Fring-Skype iPhone slanging match: Telcos v freetards
Skype grows up, gets haircut, goes to work for The Man
Analysis P2P VoIP network Skype and client developer Fring have engaged in an epic slanging match after Fring's implementation of mobile-data video calling on the iPhone appeared to result in its ousting from Skype.
At present Apple's own software only allows video calling on the iPhone 4 - the first iPhone to feature a user-facing cam - via the phone's Wi-Fi connection to another iPhone 4. This generally ensures decent call quality; it also placates the mobile networks, who are already struggling to deal with the surge in mobe-data demand precipitated by Apple phones (and to a lesser extent, other smartphones).
Fring's app allows video calling between most smartphones over 3G mobile links as well. However, Fring makes use of other VoIP and IM networks - in particular, of Skype - to actually let its users get in touch with each other, rather as some apps will integrate different IM networks.
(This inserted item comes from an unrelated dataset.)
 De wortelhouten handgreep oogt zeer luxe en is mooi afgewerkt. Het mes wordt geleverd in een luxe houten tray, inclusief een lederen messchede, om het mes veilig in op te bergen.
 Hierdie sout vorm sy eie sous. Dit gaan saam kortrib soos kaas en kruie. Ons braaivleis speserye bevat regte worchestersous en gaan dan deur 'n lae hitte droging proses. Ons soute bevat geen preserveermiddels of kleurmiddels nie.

Fring, having made it feasible for iPhone users to place video calls via their phones' mobile data radios and tariffs, apparently struggled initially with demand on their own equipment and briefly removed Skype functionality delivered via Skype's API. When they tried to restore it, however, they say that it was found to be blocked from Skype's end.
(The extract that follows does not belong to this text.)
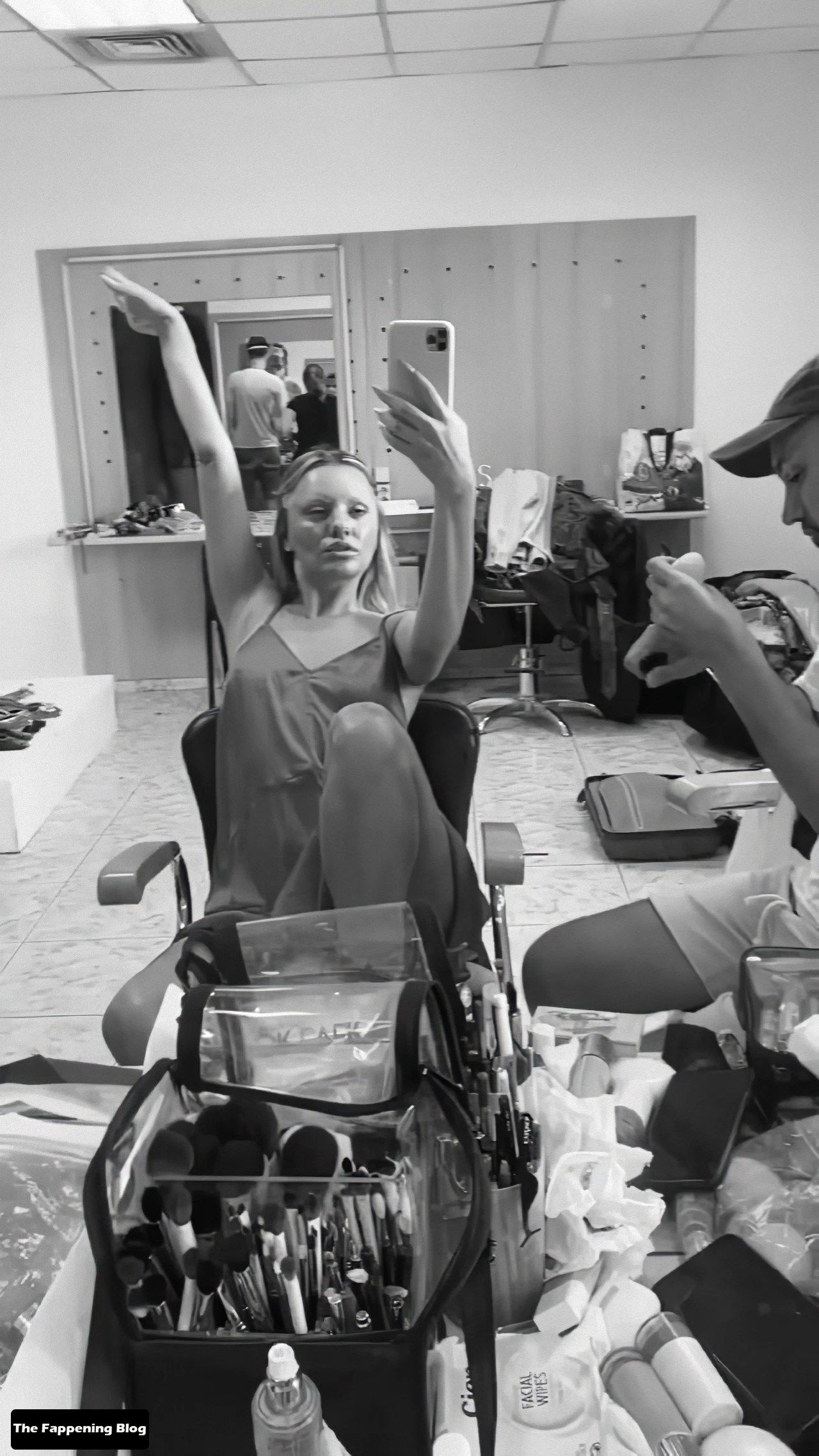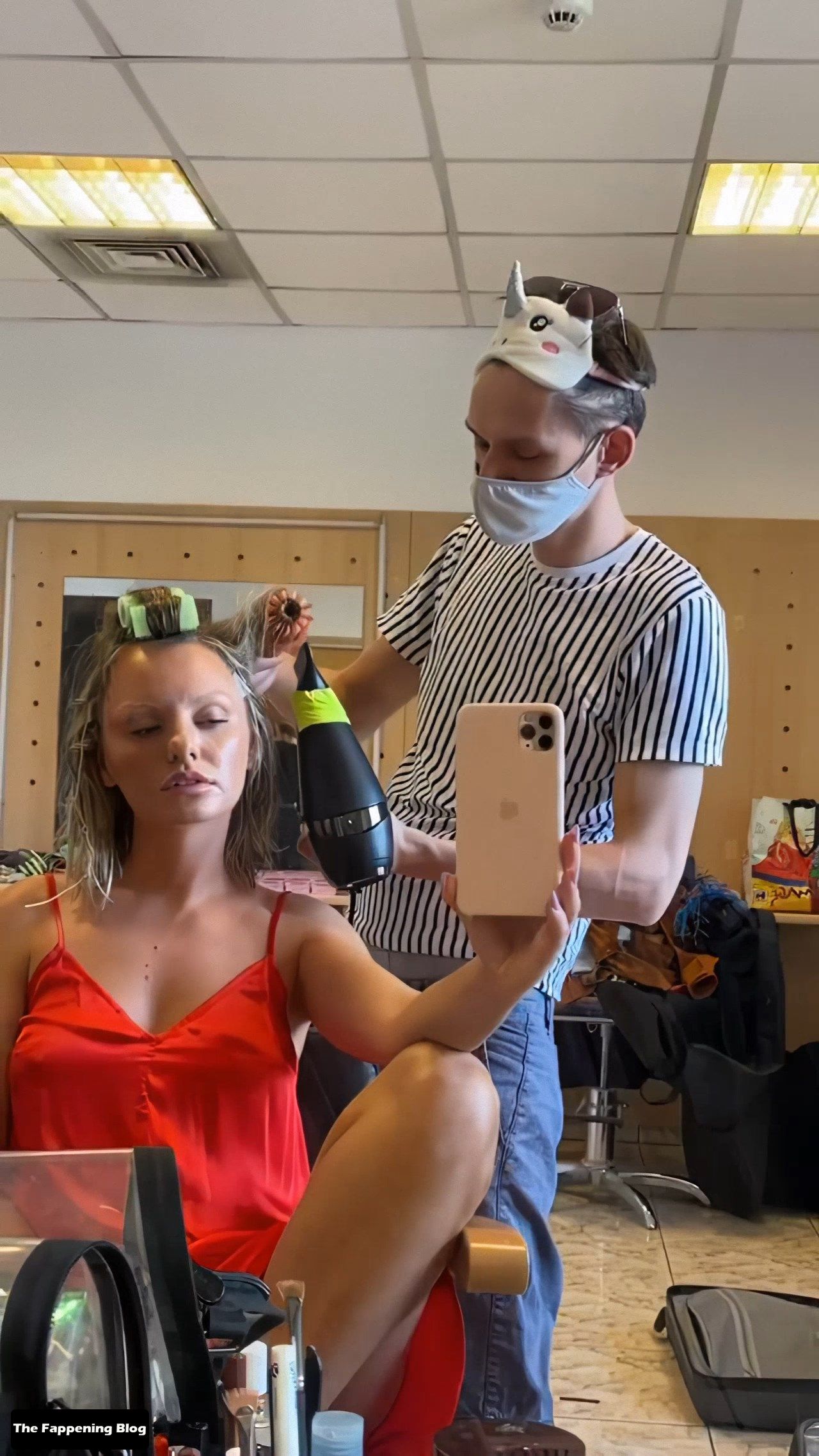 Alexandra Stan si sta preparando per un servizio fotografico e mostra i suoi seni nudi.

Fring personnel wrote on a company blog:
Now that fring expanded capacity to support the huge demand for video calling for all users, Skype has blocked us from doing so.
They are afraid of open mobile communication. Cowards.
Skype responded, saying:
An hour or so ago, Fring reported on their blog that we had blocked their access to Skype. I want to make one thing absolutely clear: this is untrue.
Fring’s mis-use of our software was increasingly damaging our brand and reputation with our customers.
Skype built its huge user base by offering free client-to-client calls: most of the costs of this are met by the users, as Skype's peer-to-peer network exploits bandwidth and processor resources from selected user systems ("supernodes") to run itself.
The firm has sought to make money by connecting ordinary phones to the Skype P2P cloud via cheap local calls, allowing ordinary phone users to pay Skype a small sum and get long-distance service which would normally be expensive.
This approach led to much criticism from telcos, who argued that Skype and its users were in effect benefiting from their networks without paying for them. Perhaps unsurprisingly, Skype at first suffered many problems with its paid-for SkypeIn and SkypeOut normal-phone connections, which naturally had to be bought in from telcos.